Dummer Patrick D, Limou Sophie, Rosenberg Avi Z, Heymann Jurgen, Nelson George, Winkler Cheryl A, Kopp Jeffrey B
Kidney Diseases Branch, National Institute of Diabetes and Digestive and Kidney Diseases, National Institutes of Health, Bethesda, MD.
Molecular Epidemiology Genetics Section, Center for Cancer Research, National Cancer Institute, Frederick MD.
Semin Nephrol. 2015 May;35(3):222-36. doi: 10.1016/j.semnephrol.2015.04.008.
Apolipoprotein L1 (APOL1) genetic variants account for much of the excess risk of chronic and end-stage kidney disease, which results in a significant global health disparity for persons of African ancestry. We estimate the lifetime risk of kidney disease in APOL1 dual-risk allele individuals to be at least 15%. Experimental evidence suggests a direct role of APOL1 in pore formation, cellular injury, and programmed cell death in renal injury. The APOL1 BH3 motif, often associated with cell death, is unlikely to play a role in APOL1-induced cytotoxicity because it is not conserved within the APOL family and is dispensable for cell death in vitro. We discuss two models for APOL1 trypanolytic activity: one involving lysosome permeabilization and another involving colloid-osmotic swelling of the cell body, as well as their relevance to human pathophysiology. Experimental evidence from human cell culture models suggests that both mechanisms may be operative. A systems biology approach whereby APOL1-associated perturbations in gene and protein expression in affected individuals are correlated with molecular pathways may be productive to elucidate APOL1 function in vivo.

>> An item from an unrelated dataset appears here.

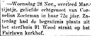 Obit Martijntje Zoeteman. Het Oosten, Dec. 7, 1917, pg. 6 (Translation: Martijntje, beloved wife of Cornelius Zoeteman, died Wednesday 28 November at age 72. She was buried Saturday from her residence on 91 Wood, in Fairlawn Cemetery)
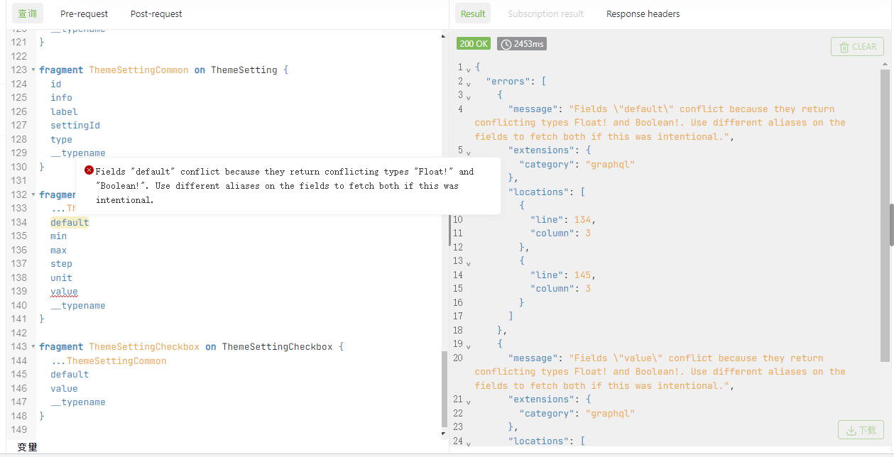 在 GraphQL API 响应报错:Fields “default” conflict because they return conflicting types Float! and Boolean!. Use different aliases on the fields to fetch both if this was intentional.

载脂蛋白L1(APOL1)基因变异是导致慢性肾病和终末期肾病额外风险的主要原因,这在全球范围内造成了非洲裔人群显著的健康差距。我们估计,携带APOL1双风险等位基因的个体患肾病的终身风险至少为15%。实验证据表明,APOL1在肾损伤中的孔形成、细胞损伤和程序性细胞死亡中起直接作用。APOL1的BH3基序通常与细胞死亡相关,但不太可能在APOL1诱导的细胞毒性中发挥作用,因为它在APOL家族中不保守,且在体外细胞死亡中并非必需。我们讨论了APOL1抗锥虫活性的两种模型:一种涉及溶酶体通透性增加,另一种涉及细胞体的胶体渗透肿胀,以及它们与人类病理生理学的相关性。来自人类细胞培养模型的实验证据表明,这两种机制可能都起作用。一种系统生物学方法,即通过将受影响个体中与APOL1相关的基因和蛋白质表达扰动与分子途径相关联,可能有助于阐明APOL1在体内的功能。